SRE / DevOps / Kubernetes Weekly Collection#34(Week 39)

  • In this blog post series, I collect the following 3 Weekly Mailing List I subscribe to, leave some comments as an aide-memoire and useful links.
  • Actually, I have already published the same content in my Japanese blog and am catching-up in English in this series.
  • I hope it contributes to the people browsing this kind of information as a reference.

DEVOPS WEEKLY ISSUE #508 September 20th, 2020
SRE Weekly Issue #236 September 20th, 2020
KubeWeekly #234 September 25th, 2020

DEVOPS WEEKLY ISSUE #508 September 20th, 2020


Describing policy (or in fact configuration in general) in machine-readable form quickly gets into a conversation over whether you should prefer data, a general programming language or a DSL. This post does a good job of explaining why.

  • The title is “Anatomy of a Rule”.
  • It explains how the system handles complex authorization policies efficiently and naturally from both perspectives (code and data) when building “oso”, an open source policy engine for authorization in the following three points.
  • Rules as Data
  • Rules as code
  • Rules Redux

An excellent post on moving to alerts based on service-level objectives, SLOs. Covers the why and how, based on documents used internally to make the case for the change.

  • The title is “Alerting on SLOs”.
  • I will skip it because it was covered in last week’s SRE Weekly Issue # 235.

A discussion of the need to test in production and an introduction to the dark canary pattern for doing so safely.

  • The title is “Production testing with dark canaries”.
  • I will skip it because it was covered in last week’s SRE Weekly Issue # 235.

A look at a tool-agnostic architectural framework for building resilient systems, focused around predictability, observability, recoverability and keeping things simple.

  • The title is “PORK: A Technology Resilience Framework”.
  • This article explains why you shouldn’t waste valuable engineering time bulletproofing systems in advance. Instead, design your systems to absorb a constant rate of change and uncertainty by recovering quickly before there’s client impact.
  • PORK is an acronym for the following four principles: a resiliency framework.
    ○ Predictability
    ○ Observability
    ○ Recoverability
    ○ Keep it simple

A look at a range of Kubernetes local clients/dashboards including Octant, Kubenav, Lens and more.

  • An article that briefly compares and describes common tools that developers can use as alternatives or additional tools to kubectl for Kubernetes cluster research.
  • The following tools featured in this article can be installed locally without the need to install components on the cluster. I want to try it one by one.

Even with all the talk of cloud native, it’s still super useful for lots of roles to have a solid grounding in UNIX programming. This Advanced Programming in the UNIX Environment course is not available completely online.

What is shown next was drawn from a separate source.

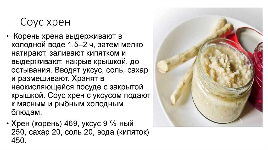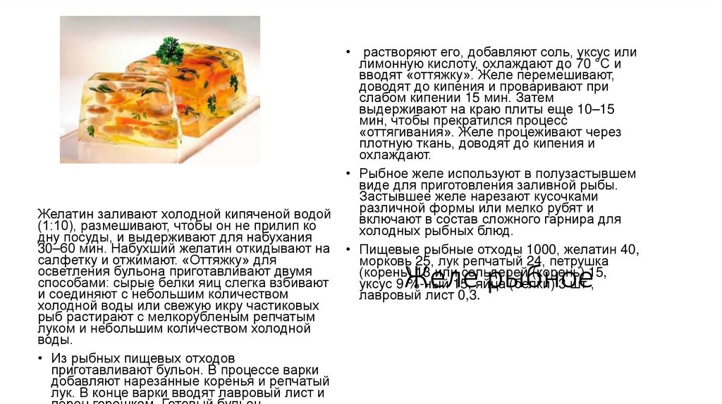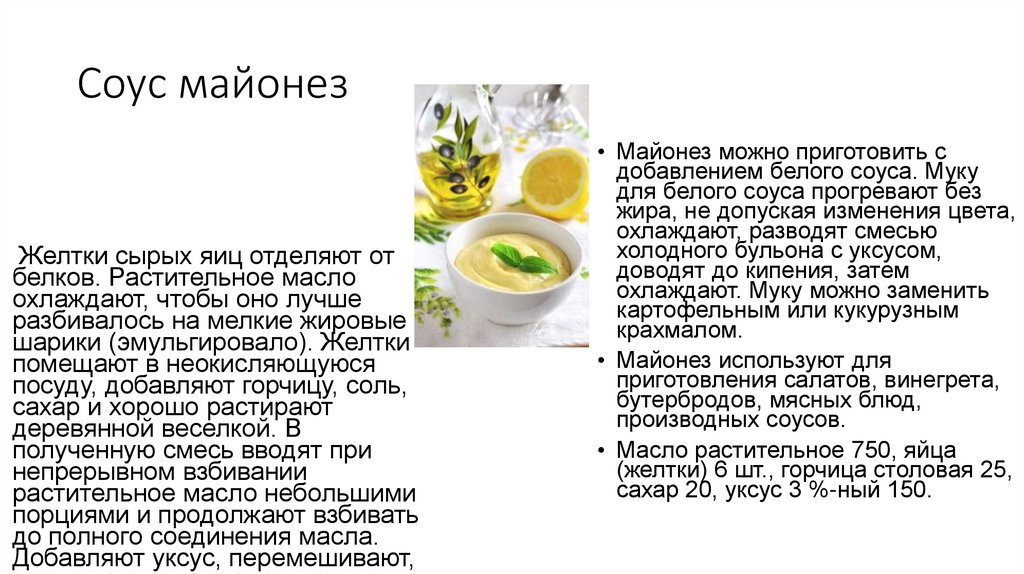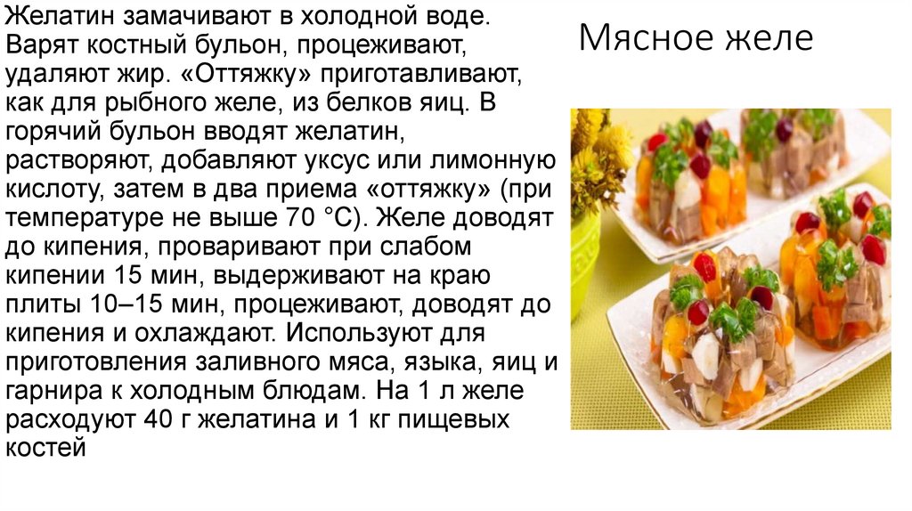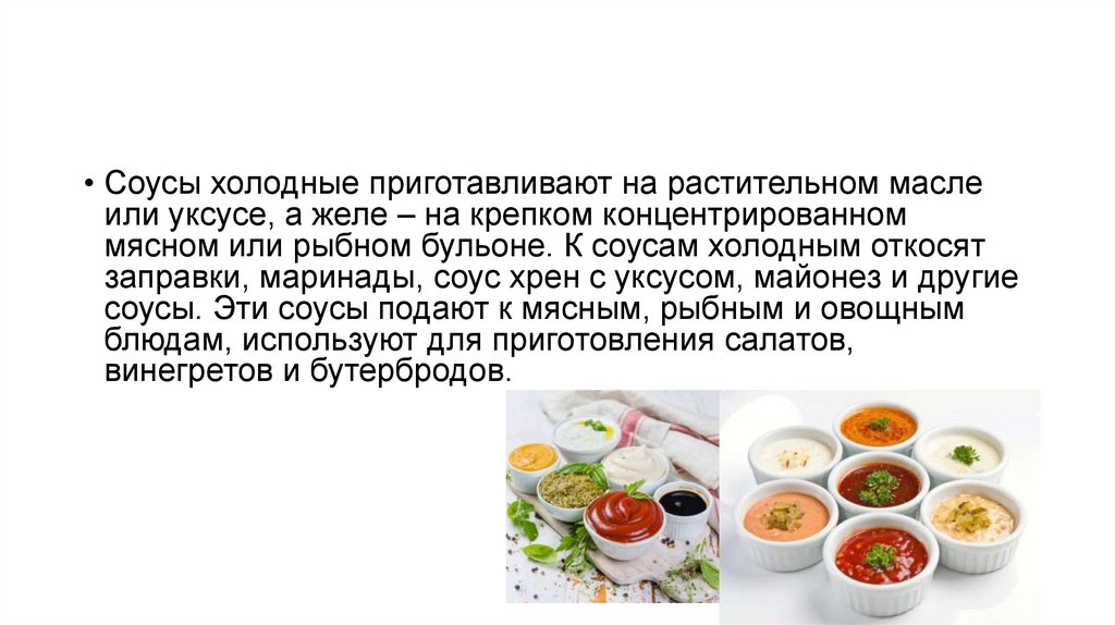 • Соусы холодные приготавливают на растительном маслеили уксусе, а желе – на крепком концентрированном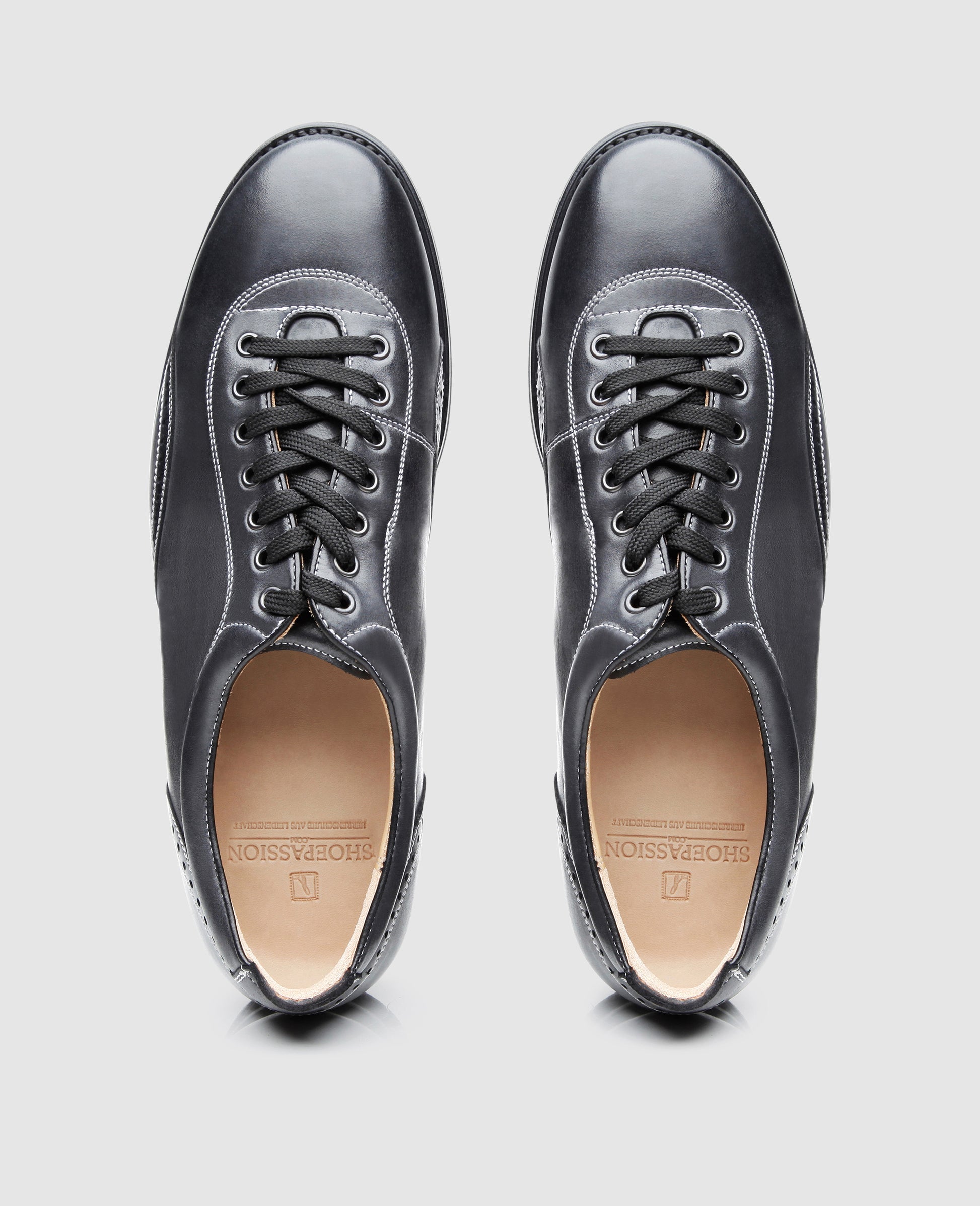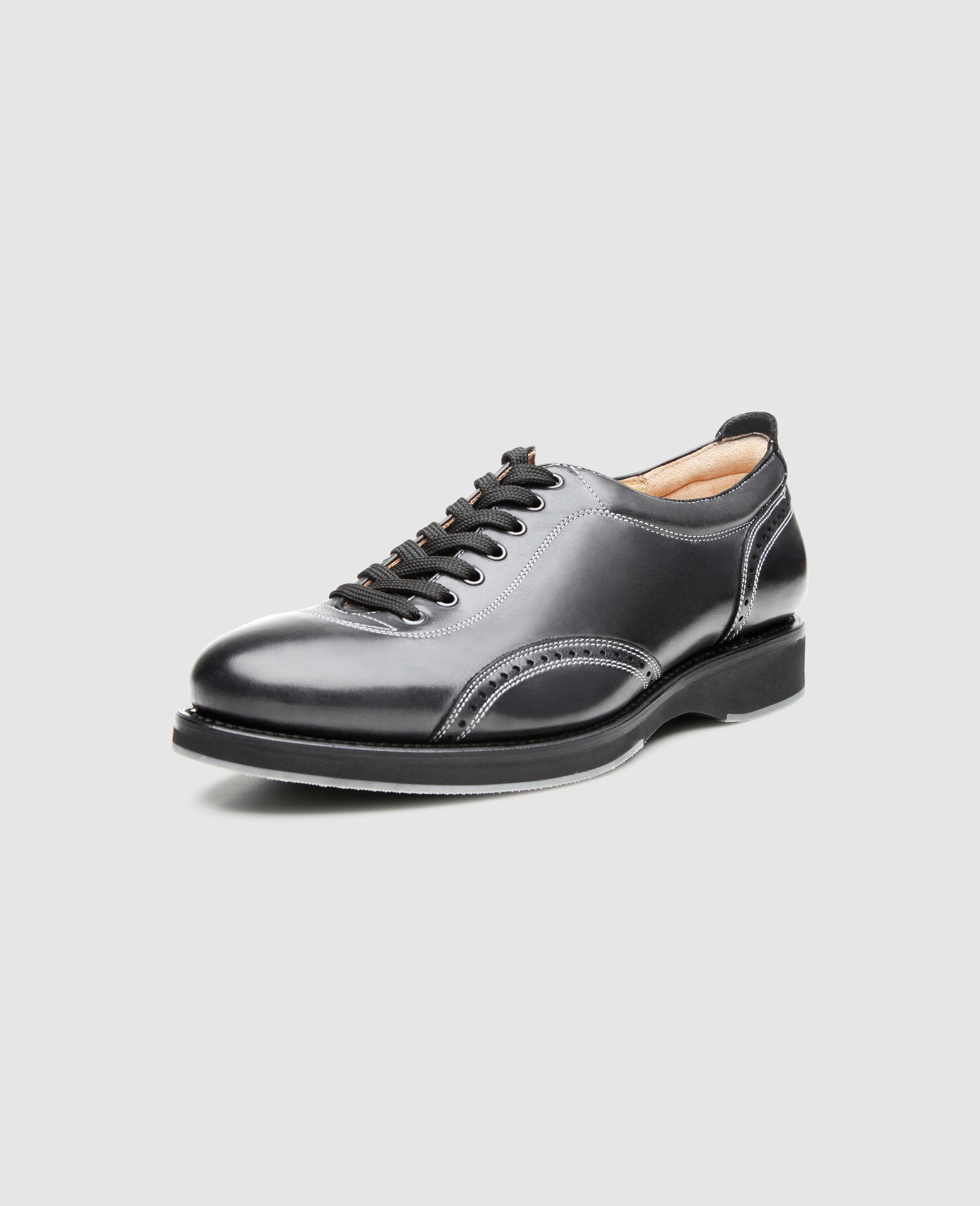 No. 930 is a blue/black Goodyear-welted trainer, the design of which is based on that of the traditional Oxford shoe. This soft-soled shoe combines the comfort of popular light athletic shoes with the advantages of the Goodyear welting production method, a premium handicraft. The result: a one-of-a-kind blend of the highest quality.

  • It is a programming course named “Advanced Programming in the UNIX Environment”.
  • It is an online course to learn Unix OS (and all operating systems in this family, including Linux, BSD, and even Mac OS), how to develop complex system-level software in the C programming language, and how to program it.
  • Click here for Youtube video.

Have you ever wanted to write Python inside your SQL queries? Well now you can with Postgres using PL/Python. These post act as an introduction and show off some interesting demos with embedded numpy.

  • The titles are “Getting Started with Postgres Functions in PL / Python (link above)” and “ Exploring PL / Python: Turn Postgres Table Data Into a NumPy Array “.
  • The first article briefly describes how to create a Postgres function using PL/Python.
  • In the second article, it is running NumPy with a simple user-defined function that takes advantage of PL/Python database access functions. This function demonstrates an easy way to convert a Postgres data table to a NumPy array.

An introduction to Open Policy Agent Gatekeeper, specifically looking at addressing issues with the built-in pod security policies feature in Kubernetes.

  • The title is “Using Gatekeeper as a drop-in Pod Security Policy replacement in Amazon EKS”.
  • An AWS article that describes “Gatekeeper” as a standard way to proactively control what is allowed within a Kubernetes cluster, including Amazon EKS.

GitHub Actions is still relatively new, but there is already a huge amount of content available for it. This post looks at various actions for analyzing code for security problems.

  • The title is “GitHub Actions for Security Code Analysis”.
  • Here are some of the author’s favorite GitHub Actions features that it used for security-focused code analysis.
  • Before getting into his favorite commentary on GitHub, there is a list of recent blog posts he has published related to code analysis and security. It is a good article that has a good reference link and is concisely organized.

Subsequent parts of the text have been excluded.